Market Growth and Competition
- The Indian Q-commerce market is currently valued at $3.34 billion and is projected to grow to $9.95 billion by 2029, according to Grant Thornton Bharat.
- The sector recorded a 76% year-on-year growth in FY 2024.
- A report by financial services firm Motilal Oswal states that as of Q1 FY 2025, Zomato-owned Blinkit leads the market with a 46% share, followed by Zepto at 29% and Swiggy Instamart at 25%.
Challenges for Traditional Retailers
- Despite its rapid growth, Q-commerce has faced backlash from traditional retailers and FMCG distributors.
- Organisations such as the All-India Consumer Products Distribution Federation (AICPDF) have lodged complaints with the Competition Commission of India (CCI), accusing Blinkit, Zepto, and Swiggy Instamart of engaging in anti-competitive practices.
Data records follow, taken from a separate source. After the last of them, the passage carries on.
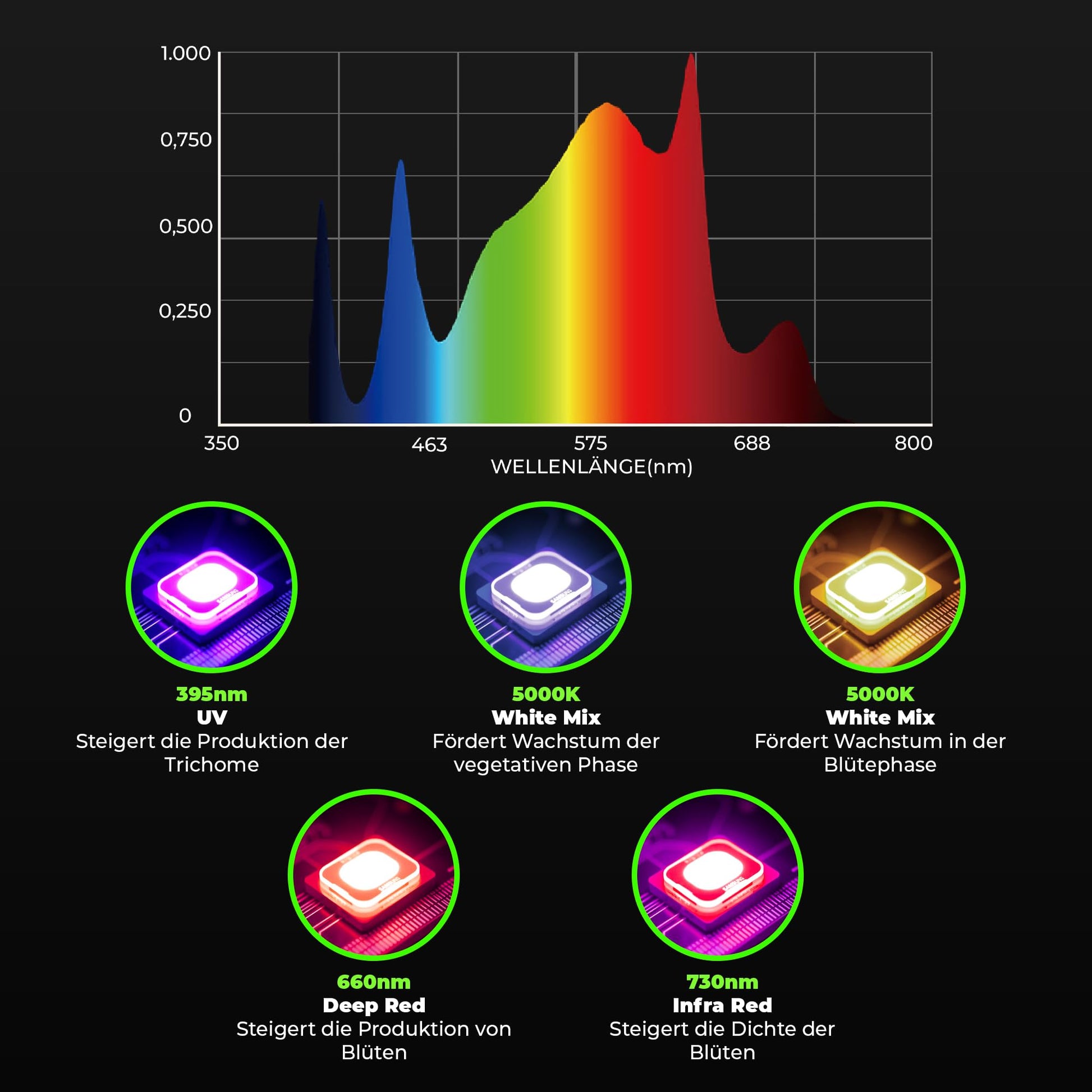 • INNOVATIVES PROLINE VOLLSPEKTRUM: Das von uns entwickelte Vollspektrum, welches sowohl UV als auch Infrarot Dioden beinhaltet, simuliert natürliches Sonnenlicht perfekt. Somit wird der Ertrag massiv gesteigert.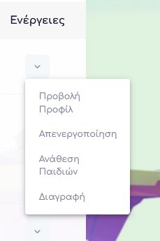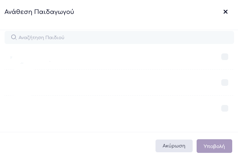 Στη γραμμή του αντίστοιχου Παιδαγωγού ή του αντίστοιχου Παιδιού, κλικάροντας στο βελάκι στην κολώνα Ενέργειες επιλέγετε το πεδίο Ανάθεση Παιδαγωγού ή Ανάθεση Παιδιού αντίστοιχα.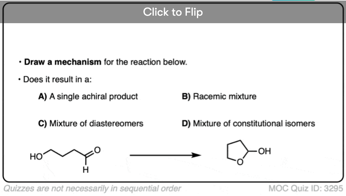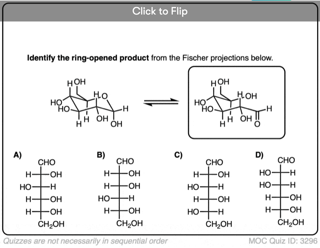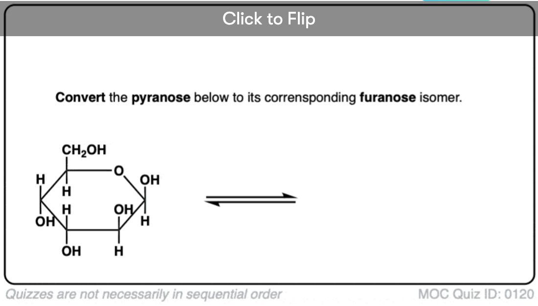 We’ve seen five separate isomers so far: the straight chain form, the pyranose form (alpha and beta), and the furanose form (alpha and beta).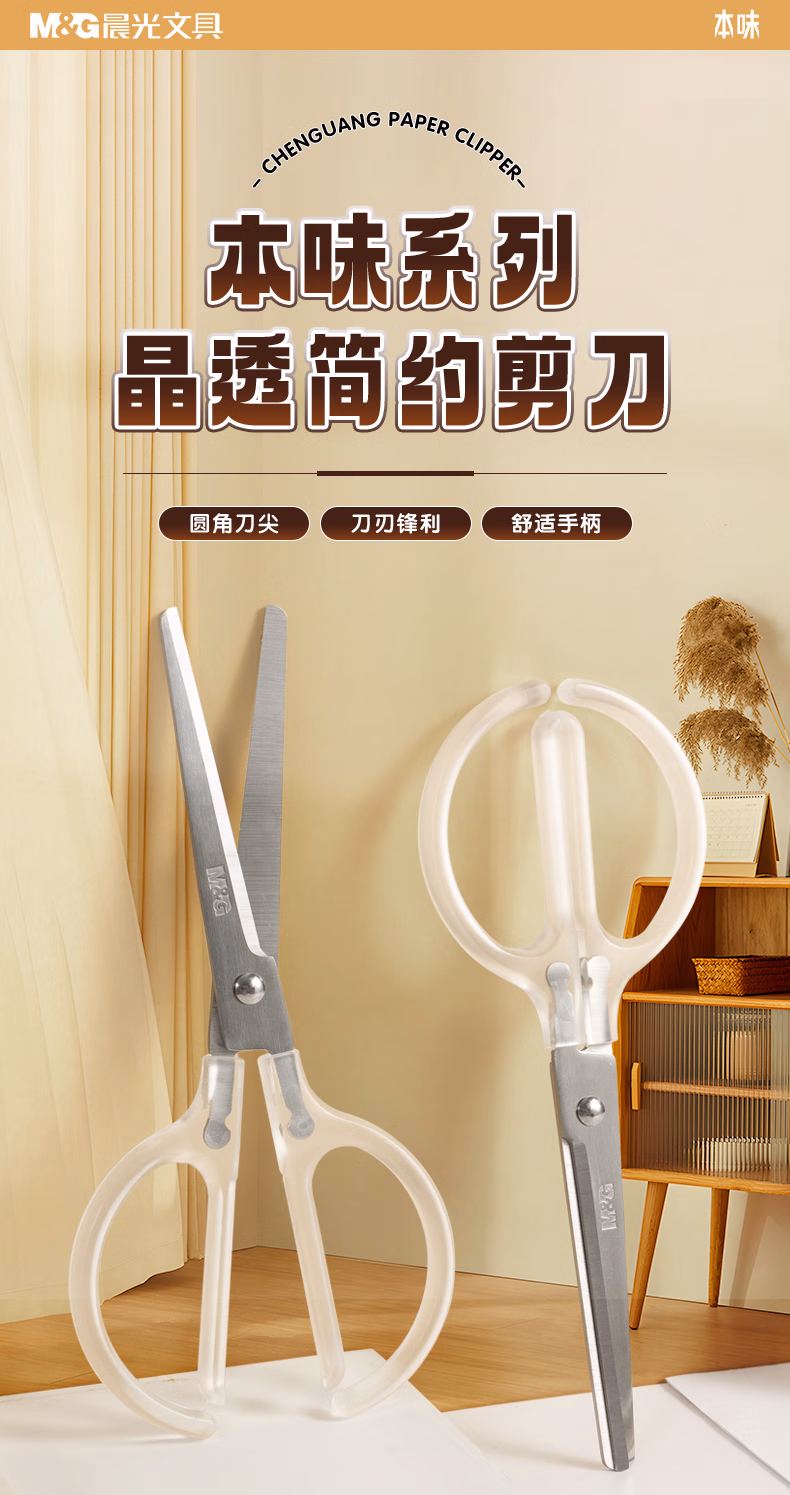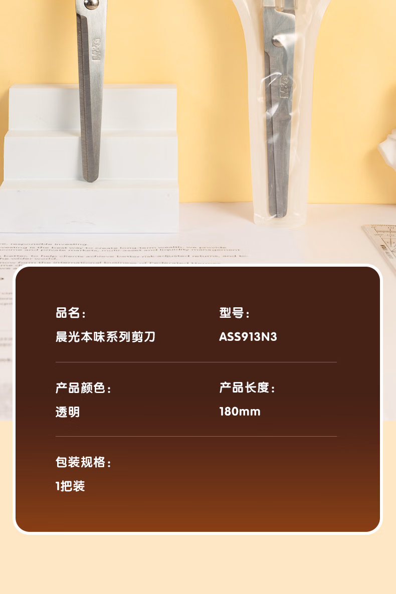 包装清单  :   晨光(M&G)文具热门商品 180mm本味系列办公家用生活剪刀 中号手工剪纸刀 办公用品 晶透ASS913N3

- The primary concerns include predatory pricing and deep discounting.
- Distributors allege that Q-commerce platforms set product prices below landing costs to drive traditional retailers out of business, only to increase prices later to recover losses.
- The AICPDF also points out that these platforms benefit from venture capital and foreign direct investment, giving them an unfair advantage.
- Additionally, platforms are accused of leveraging app data to implement differential pricing based on factors such as a customer’s location, device type, and purchase history.